* [EXERCISE DESCRIPTION] Nothing may be left out, so copy every entry exactly.

------------------------

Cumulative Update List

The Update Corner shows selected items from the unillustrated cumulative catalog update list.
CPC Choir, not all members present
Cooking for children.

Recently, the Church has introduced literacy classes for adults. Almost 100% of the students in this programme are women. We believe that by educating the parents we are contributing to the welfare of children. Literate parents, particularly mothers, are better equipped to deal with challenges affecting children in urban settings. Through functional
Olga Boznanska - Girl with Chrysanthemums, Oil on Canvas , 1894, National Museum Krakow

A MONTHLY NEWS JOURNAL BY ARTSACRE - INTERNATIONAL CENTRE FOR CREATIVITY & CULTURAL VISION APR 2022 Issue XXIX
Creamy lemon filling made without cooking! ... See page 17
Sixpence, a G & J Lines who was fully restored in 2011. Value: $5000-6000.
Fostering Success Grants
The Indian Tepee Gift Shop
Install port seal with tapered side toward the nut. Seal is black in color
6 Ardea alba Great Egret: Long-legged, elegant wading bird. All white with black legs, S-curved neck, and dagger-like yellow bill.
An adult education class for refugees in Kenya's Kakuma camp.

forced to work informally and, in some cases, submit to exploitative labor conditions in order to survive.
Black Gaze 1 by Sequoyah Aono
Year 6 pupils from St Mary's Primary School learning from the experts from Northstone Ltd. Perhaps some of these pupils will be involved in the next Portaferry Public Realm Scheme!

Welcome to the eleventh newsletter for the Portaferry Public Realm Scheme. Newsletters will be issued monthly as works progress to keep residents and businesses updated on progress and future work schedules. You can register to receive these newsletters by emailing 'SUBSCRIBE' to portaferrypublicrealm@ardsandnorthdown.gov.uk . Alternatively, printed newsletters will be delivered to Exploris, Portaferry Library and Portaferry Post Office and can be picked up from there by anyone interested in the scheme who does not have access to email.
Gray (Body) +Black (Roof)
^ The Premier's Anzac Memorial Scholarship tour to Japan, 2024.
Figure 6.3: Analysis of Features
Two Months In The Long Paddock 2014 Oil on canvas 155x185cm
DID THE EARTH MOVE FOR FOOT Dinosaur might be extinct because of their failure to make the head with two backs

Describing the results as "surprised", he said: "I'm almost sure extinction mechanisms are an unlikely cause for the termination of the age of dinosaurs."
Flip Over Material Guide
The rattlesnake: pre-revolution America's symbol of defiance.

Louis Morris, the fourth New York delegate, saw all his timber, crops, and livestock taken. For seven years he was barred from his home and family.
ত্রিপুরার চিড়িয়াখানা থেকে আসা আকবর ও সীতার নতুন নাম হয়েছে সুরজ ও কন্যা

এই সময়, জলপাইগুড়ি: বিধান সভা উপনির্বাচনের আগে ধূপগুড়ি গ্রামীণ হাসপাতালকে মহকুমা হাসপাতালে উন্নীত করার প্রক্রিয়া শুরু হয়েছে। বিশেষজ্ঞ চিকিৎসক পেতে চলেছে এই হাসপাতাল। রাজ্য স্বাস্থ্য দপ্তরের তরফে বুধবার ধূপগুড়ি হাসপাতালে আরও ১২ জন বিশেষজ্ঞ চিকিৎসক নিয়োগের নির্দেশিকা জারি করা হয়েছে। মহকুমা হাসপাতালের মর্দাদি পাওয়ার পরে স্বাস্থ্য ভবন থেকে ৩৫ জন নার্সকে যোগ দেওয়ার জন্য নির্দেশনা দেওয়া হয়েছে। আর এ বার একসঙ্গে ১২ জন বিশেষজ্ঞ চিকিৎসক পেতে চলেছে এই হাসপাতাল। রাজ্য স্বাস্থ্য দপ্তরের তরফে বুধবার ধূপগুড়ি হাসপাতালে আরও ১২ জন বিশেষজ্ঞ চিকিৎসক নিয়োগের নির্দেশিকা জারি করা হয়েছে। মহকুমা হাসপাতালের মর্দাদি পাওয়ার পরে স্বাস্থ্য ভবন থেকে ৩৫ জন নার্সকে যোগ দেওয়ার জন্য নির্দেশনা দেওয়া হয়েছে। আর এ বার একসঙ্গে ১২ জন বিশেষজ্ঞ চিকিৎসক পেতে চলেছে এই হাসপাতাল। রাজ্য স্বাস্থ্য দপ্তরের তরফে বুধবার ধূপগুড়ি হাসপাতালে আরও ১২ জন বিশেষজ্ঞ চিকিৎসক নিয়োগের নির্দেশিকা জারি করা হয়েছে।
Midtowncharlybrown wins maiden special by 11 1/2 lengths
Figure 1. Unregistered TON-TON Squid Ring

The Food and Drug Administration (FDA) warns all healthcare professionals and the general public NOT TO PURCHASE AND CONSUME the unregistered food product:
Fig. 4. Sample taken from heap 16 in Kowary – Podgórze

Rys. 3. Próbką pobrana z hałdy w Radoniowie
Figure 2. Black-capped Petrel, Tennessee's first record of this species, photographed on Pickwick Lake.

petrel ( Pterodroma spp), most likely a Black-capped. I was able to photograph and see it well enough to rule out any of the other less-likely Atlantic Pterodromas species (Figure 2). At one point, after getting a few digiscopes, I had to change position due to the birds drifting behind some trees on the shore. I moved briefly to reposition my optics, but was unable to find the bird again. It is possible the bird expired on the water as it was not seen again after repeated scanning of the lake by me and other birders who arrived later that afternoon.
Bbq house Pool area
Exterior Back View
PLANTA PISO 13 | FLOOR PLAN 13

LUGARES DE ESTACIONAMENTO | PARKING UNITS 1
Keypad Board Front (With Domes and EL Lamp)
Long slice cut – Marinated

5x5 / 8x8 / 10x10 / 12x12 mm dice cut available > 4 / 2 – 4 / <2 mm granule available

------------------------

* [RESPONSE]
Cumulative Update List

The Update Corner shows selected items from the unillustrated cumulative catalog update list.
CPC Choir, not all members present
Cooking for children.

Recently, the Church has introduced literacy classes for adults. Almost 100% of the students in this programme are women. We believe that by educating the parents we are contributing to the welfare of children. Literate parents, particularly mothers, are better equipped to deal with challenges affecting children in urban settings. Through functional
Olga Boznanska - Girl with Chrysanthemums, Oil on Canvas , 1894, National Museum Krakow

A MONTHLY NEWS JOURNAL BY ARTSACRE - INTERNATIONAL CENTRE FOR CREATIVITY & CULTURAL VISION APR 2022 Issue XXIX
Creamy lemon filling made without cooking! ... See page 17
Sixpence, a G & J Lines who was fully restored in 2011. Value: $5000-6000.
Fostering Success Grants
The Indian Tepee Gift Shop
Install port seal with tapered side toward the nut. Seal is black in color
6 Ardea alba Great Egret: Long-legged, elegant wading bird. All white with black legs, S-curved neck, and dagger-like yellow bill.
An adult education class for refugees in Kenya's Kakuma camp.

forced to work informally and, in some cases, submit to exploitative labor conditions in order to survive.
Black Gaze 1 by Sequoyah Aono
Year 6 pupils from St Mary's Primary School learning from the experts from Northstone Ltd. Perhaps some of these pupils will be involved in the next Portaferry Public Realm Scheme!

Welcome to the eleventh newsletter for the Portaferry Public Realm Scheme. Newsletters will be issued monthly as works progress to keep residents and businesses updated on progress and future work schedules. You can register to receive these newsletters by emailing 'SUBSCRIBE' to portaferrypublicrealm@ardsandnorthdown.gov.uk . Alternatively, printed newsletters will be delivered to Exploris, Portaferry Library and Portaferry Post Office and can be picked up from there by anyone interested in the scheme who does not have access to email.
Gray (Body) +Black (Roof)
^ The Premier's Anzac Memorial Scholarship tour to Japan, 2024.
Figure 6.3: Analysis of Features
Two Months In The Long Paddock 2014 Oil on canvas 155x185cm
DID THE EARTH MOVE FOR FOOT Dinosaur might be extinct because of their failure to make the head with two backs

Describing the results as "surprised", he said: "I'm almost sure extinction mechanisms are an unlikely cause for the termination of the age of dinosaurs."
Flip Over Material Guide
The rattlesnake: pre-revolution America's symbol of defiance.

Louis Morris, the fourth New York delegate, saw all his timber, crops, and livestock taken. For seven years he was barred from his home and family.
ত্রিপুরার চিড়িয়াখানা থেকে আসা আকবর ও সীতার নতুন নাম হয়েছে সুরজ ও কন্যা

এই সময়, জলপাইগুড়ি: বিধান সভা উপনির্বাচনের আগে ধূপগুড়ি গ্রামীণ হাসপাতালকে মহকুমা হাসপাতালে উন্নীত করার প্রক্রিয়া শুরু হয়েছে। বিশেষজ্ঞ চিকিৎসক পেতে চলেছে এই হাসপাতাল। রাজ্য স্বাস্থ্য দপ্তরের তরফে বুধবার ধূপগুড়ি হাসপাতালে আরও ১২ জন বিশেষজ্ঞ চিকিৎসক নিয়োগের নির্দেশিকা জারি করা হয়েছে। মহকুমা হাসপাতালের মর্দাদি পাওয়ার পরে স্বাস্থ্য ভবন থেকে ৩৫ জন নার্সকে যোগ দেওয়ার জন্য নির্দেশনা দেওয়া হয়েছে। আর এ বার একসঙ্গে ১২ জন বিশেষজ্ঞ চিকিৎসক পেতে চলেছে এই হাসপাতাল। রাজ্য স্বাস্থ্য দপ্তরের তরফে বুধবার ধূপগুড়ি হাসপাতালে আরও ১২ জন বিশেষজ্ঞ চিকিৎসক নিয়োগের নির্দেশিকা জারি করা হয়েছে। মহকুমা হাসপাতালের মর্দাদি পাওয়ার পরে স্বাস্থ্য ভবন থেকে ৩৫ জন নার্সকে যোগ দেওয়ার জন্য নির্দেশনা দেওয়া হয়েছে। আর এ বার একসঙ্গে ১২ জন বিশেষজ্ঞ চিকিৎসক পেতে চলেছে এই হাসপাতাল। রাজ্য স্বাস্থ্য দপ্তরের তরফে বুধবার ধূপগুড়ি হাসপাতালে আরও ১২ জন বিশেষজ্ঞ চিকিৎসক নিয়োগের নির্দেশিকা জারি করা হয়েছে।
Midtowncharlybrown wins maiden special by 11 1/2 lengths
Figure 1. Unregistered TON-TON Squid Ring

The Food and Drug Administration (FDA) warns all healthcare professionals and the general public NOT TO PURCHASE AND CONSUME the unregistered food product:
Fig. 4. Sample taken from heap 16 in Kowary – Podgórze

Rys. 3. Próbką pobrana z hałdy w Radoniowie
Figure 2. Black-capped Petrel, Tennessee's first record of this species, photographed on Pickwick Lake.

petrel ( Pterodroma spp), most likely a Black-capped. I was able to photograph and see it well enough to rule out any of the other less-likely Atlantic Pterodromas species (Figure 2). At one point, after getting a few digiscopes, I had to change position due to the birds drifting behind some trees on the shore. I moved briefly to reposition my optics, but was unable to find the bird again. It is possible the bird expired on the water as it was not seen again after repeated scanning of the lake by me and other birders who arrived later that afternoon.
Bbq house Pool area
Exterior Back View
PLANTA PISO 13 | FLOOR PLAN 13

LUGARES DE ESTACIONAMENTO | PARKING UNITS 1
Keypad Board Front (With Domes and EL Lamp)
Long slice cut – Marinated

5x5 / 8x8 / 10x10 / 12x12 mm dice cut available > 4 / 2 – 4 / <2 mm granule available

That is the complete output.